Background

Following the Access for Cash Review in 2019 and the Community Access to Cash Pilots that ran between 2020 and 2021, a landmark agreement was reached between the UK’s major banks and building societies to provide new shared cash services to ensure continued access to cash in communities across the UK following the closure of bank and building society branches.

As part of this agreement, LINK independently reviews the impact of all changes to banking provision in communities using set criteria to guide us. We will recommend new services such as shared banking hubs, deposit services and ATMs where needed to meet the cash needs of the community as a whole and not just the customers or members of one bank or building society. These new services will be put in place by a new company launched by the major banking providers called Cash Access UK Ltd, or in the case of ATMs by companies that are part of the LINK network.
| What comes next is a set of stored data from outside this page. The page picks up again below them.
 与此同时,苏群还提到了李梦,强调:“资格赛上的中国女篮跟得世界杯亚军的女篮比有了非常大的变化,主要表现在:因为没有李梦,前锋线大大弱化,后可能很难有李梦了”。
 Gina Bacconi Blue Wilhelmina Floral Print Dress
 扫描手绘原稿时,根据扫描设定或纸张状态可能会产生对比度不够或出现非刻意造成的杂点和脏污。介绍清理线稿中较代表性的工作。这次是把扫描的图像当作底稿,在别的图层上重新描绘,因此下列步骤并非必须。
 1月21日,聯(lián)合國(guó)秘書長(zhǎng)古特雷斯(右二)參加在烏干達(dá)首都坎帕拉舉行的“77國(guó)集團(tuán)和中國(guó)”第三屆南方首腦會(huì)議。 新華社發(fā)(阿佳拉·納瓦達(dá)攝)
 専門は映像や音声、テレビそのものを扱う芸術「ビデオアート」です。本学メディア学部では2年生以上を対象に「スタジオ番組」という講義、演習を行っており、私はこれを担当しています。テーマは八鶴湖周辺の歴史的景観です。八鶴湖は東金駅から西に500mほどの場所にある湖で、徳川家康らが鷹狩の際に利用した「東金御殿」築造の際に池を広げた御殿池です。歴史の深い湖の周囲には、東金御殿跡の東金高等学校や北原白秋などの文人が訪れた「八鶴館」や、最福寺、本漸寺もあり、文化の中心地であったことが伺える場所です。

When do we assess communities?

We assess access to cash in a community when any of the following happens:

  • A participating bank or building society notifies LINK that they are planning to close a branch.
  • A community asks LINK to review access to cash in a community.
  • A participating bank or building society asks LINK to review access to cash in a community.
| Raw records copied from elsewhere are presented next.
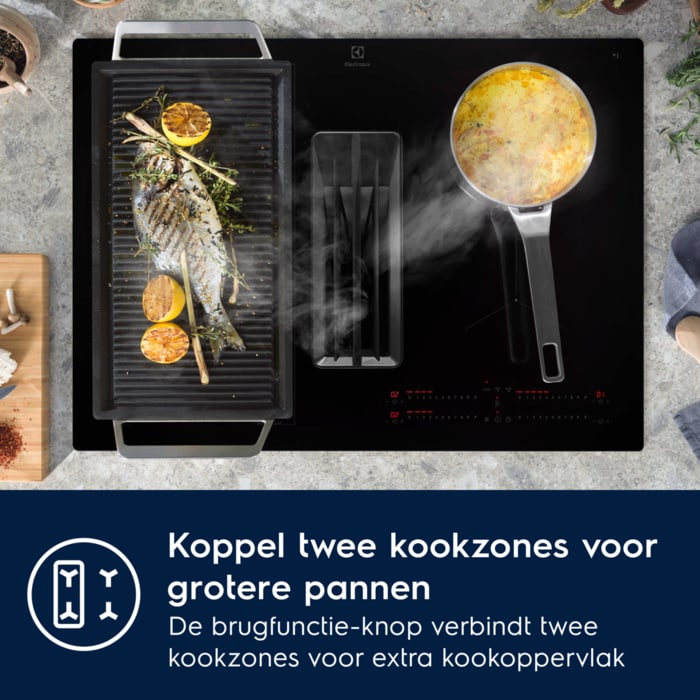 Geniet van de vele voordelen van een inductiekookplaat die past in een kast van 60 cm met een ingebouwde dampkap voor een optimale luchtstroom. De 600 Bridge kookplaat met afzuiging heeft ook een brugfunctie, waardoor je 2 kookzones combineert tot één groter gebied.
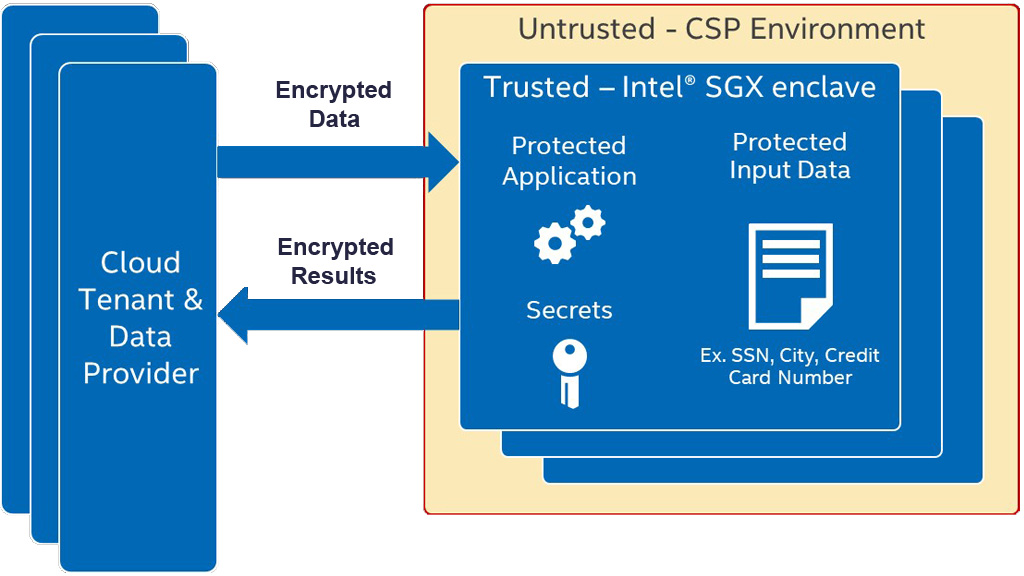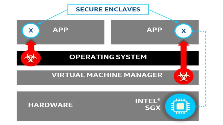 Intel SGX is a set of instructions that increases the security of application code and data, giving them more protection from unauthorized disclosure or modification. Developers can partition sensitive information into enclaves, which are areas of execution in encrypted memory with more security protection.
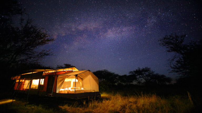 For the adventurous, this year Olakira Migration Camp, has introduced new star gazing tents offer the opportunity to sleep under the African night sky. They have been designed so that a portion of the tent boasts a 270-degree view from beneath a meshed net, offering guests an outdoor experience whilst still remaining indoors. Guests will have the option to have their beds rolled from the main bedroom out to the custom-designed, mosquito net canopy at the front of their tent, allowing them to look up at the African night sky from the comfort of their bed. Look out for shooting stars, listen to the grunts of a million wildebeest, and maybe catch the low, reverberating roar of a lion. Guests can roll their beds back into the main bedroom of their tent at any time during the night.
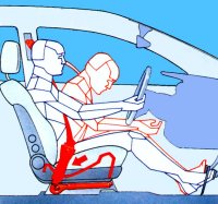 0,113. s : Sürücünün arkasında oturan yolcu (emniyet kemeri yoksa), sürücünün seviyesine kadar yükselir ve kafasıyla ona sert bir darbe yaparken, aynı anda kendisi de ölümcül biçimde yaralanır.
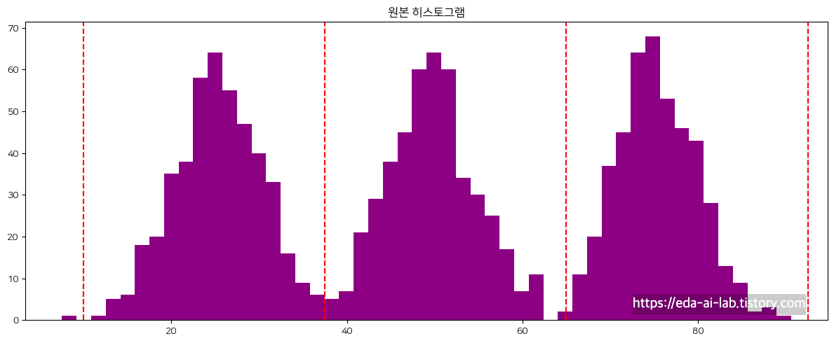위의 그래프는 3개의 정규분포를 가지는 데이터가 합쳐진 모습입니다. 해당 그래프에 binning을 적용하면 각 분포별로 같은 분포인 것을 인식시켜줄 수 있습니다.
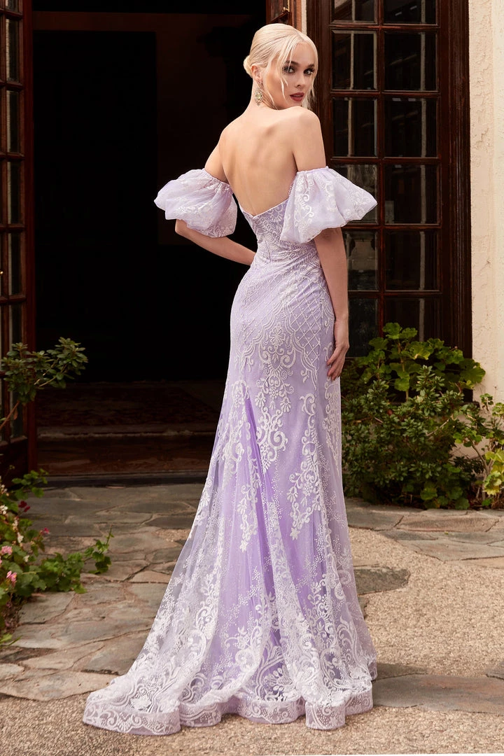 Make lasting memories in this long lace puff sleeve dress with mermaid skirt Cinderella Divine CD958. The mermaid silhouette hugs your figure and displays the intricate lace pattern detail. The strapless illusion lace neckline is accompanied by optional puff sleeves.
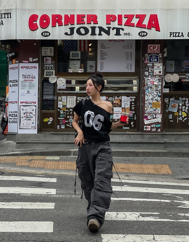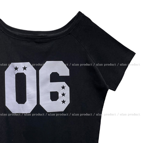 ナンバー6オフショルダーラグラン半袖Tシャツ
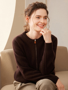 25秋冬新款女士休闲羊绒衫圆领拉链开衫女休闲加厚针织毛衣外套女
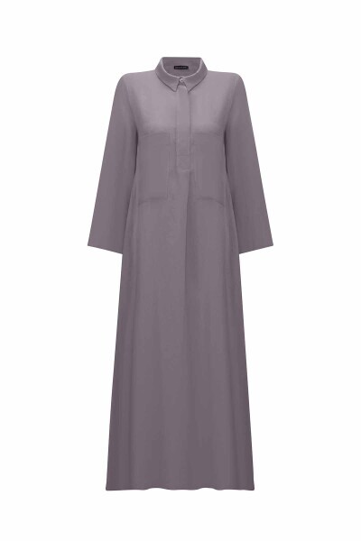 Dik Yaka Düğme Detaylı Antrasit Elbise
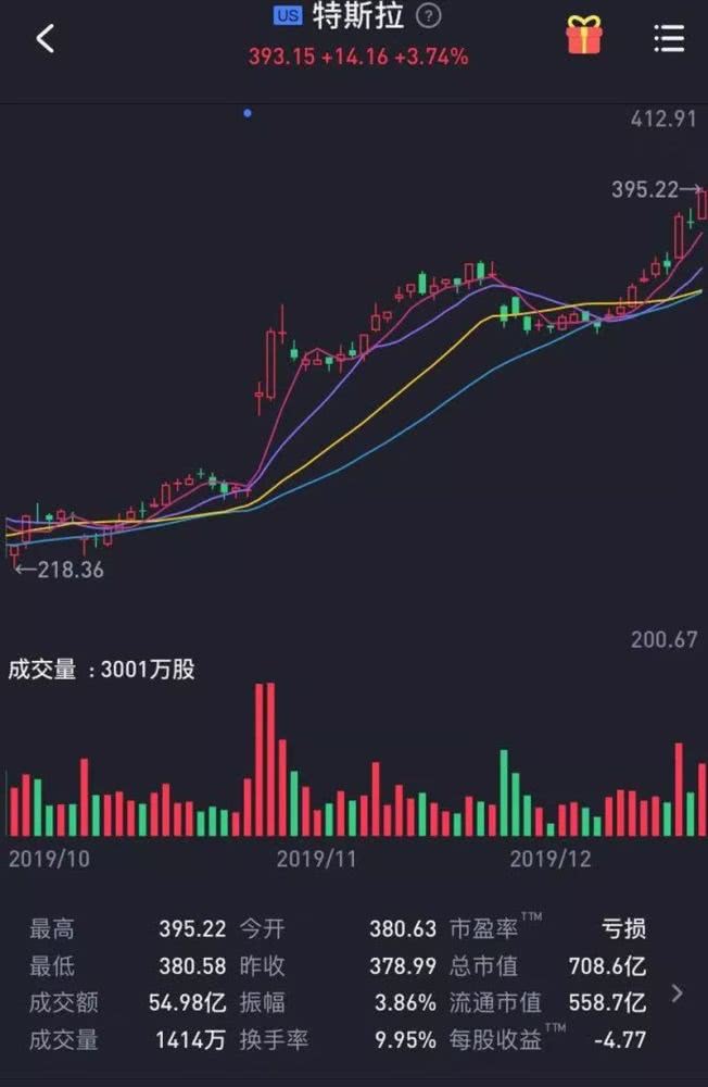 美东时间周三收盘,特斯拉股价刷新历史高位,报393.15美元,逼近400美元关口,突破两年前创下的收盘高位纪录,市值更是超过700亿美元。

How we assess the community’s needs

The first thing we look at is whether there will still be a participating bank or building society branch in that community or not. If there is a branch, we also look at what services it offers, ensuring that businesses and consumers can deposit and withdraw funds there. If there is a branch offering full-service provision, we will consider that to be sufficient and no further action will be taken.
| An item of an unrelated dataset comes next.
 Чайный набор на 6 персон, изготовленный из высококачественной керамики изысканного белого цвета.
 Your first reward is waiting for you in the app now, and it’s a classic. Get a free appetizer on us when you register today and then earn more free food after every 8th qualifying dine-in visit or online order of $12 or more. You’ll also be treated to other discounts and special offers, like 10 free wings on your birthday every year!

Where this is not the case, we will review the community using a structured approach and set criteria to guide us.

Following this, we may decide that:

  • the community’s cash needs are already being met and no new services are needed; or
  • a new cash service is needed which could include a new free-to-use ATM, new deposit services, or a shared banking hub.

Step 1. We assess the size of the community

We assess the size of the community and look at how many people live there and how many shops there are. The bigger the community, the more likely it is to need cash access and deposit services. While every community is different, as a guide it will normally need to have a population of more than 7,000 people and more than 70 retailers within 1km of the centre that accept cash. We use an independent data source to ensure we use the most up-to-date information.

Step 2. We look at the detailed characteristics of the community

We look in detail at the various characteristics of the community to better understand its needs. This includes:

  • How close the nearest banking facilities are and how easy it is to travel there. We look at the time taken to get there on public transport using current timetables. If the journey takes more than 15 minutes in each direction, involves changing bus or train, or is further than 5km as the crow flies, this indicates to us that new cash services might be needed.
  • The relative deprivation of the area. We measure levels of financial vulnerability and compare them with the national average using an independent and current Financial Vulnerability Index. This considers the financial situation of residents including their income, savings, and debts. A higher level of financial vulnerability indicates to us that new cash services might be needed.
  • How people locally use online tools including digital banking. We measure levels of digital vulnerability and compare them with the national average using an independent and current Digital Vulnerability Index. This considers the extent that residents use online shopping and banking and have access to a smartphone and broadband speed. A higher level of digital vulnerability indicates to us that new cash services might be needed.
  • How old people are locally. We measure the proportion of older people (over 65) in the community and compare this with the national average using the most recent census data available. A higher proportion of older people indicates to us that new cash services might be needed.

Where this data tells us that new cash services might be needed, we visit the community to undertake a detailed assessment in person.

Step 3.  We visit the community

Where there are indications that cash access might need to be improved, one of our team will visit the community on a typical weekday and check that all the assessment information such as public transport timetables are accurate. We will also look to see if there are other relevant physical factors such as steep hills or major roads which make it harder for people to access cash services. Where possible, we will speak with members of the community and local businesses to better understand how cash-dependent a community is and if there are cash-based events such as local markets that take place regularly. We will also look for signs that cash needs might change over time such as large numbers of new houses being built. Finally, we will look at the suitability of the local Post Office (opening times, proximity, and capacity) to understand how able it would be to provide cash access and deposits to people and businesses.

What happens if we recommend a new service?

Once LINK has recommended a new service, and any branch closures have been publicly announced by the banks, we will instruct Cash Access UK Ltd to deliver the new service.

Cash Access UK Ltd is the company responsible for delivering any service that LINK recommends, other than ATMs as these will be provided by companies that are part of the LINK network. Cash Access UK Ltd will work with the local community to find a suitable location and will provide an estimate of how long it will take for the service to be ready to use.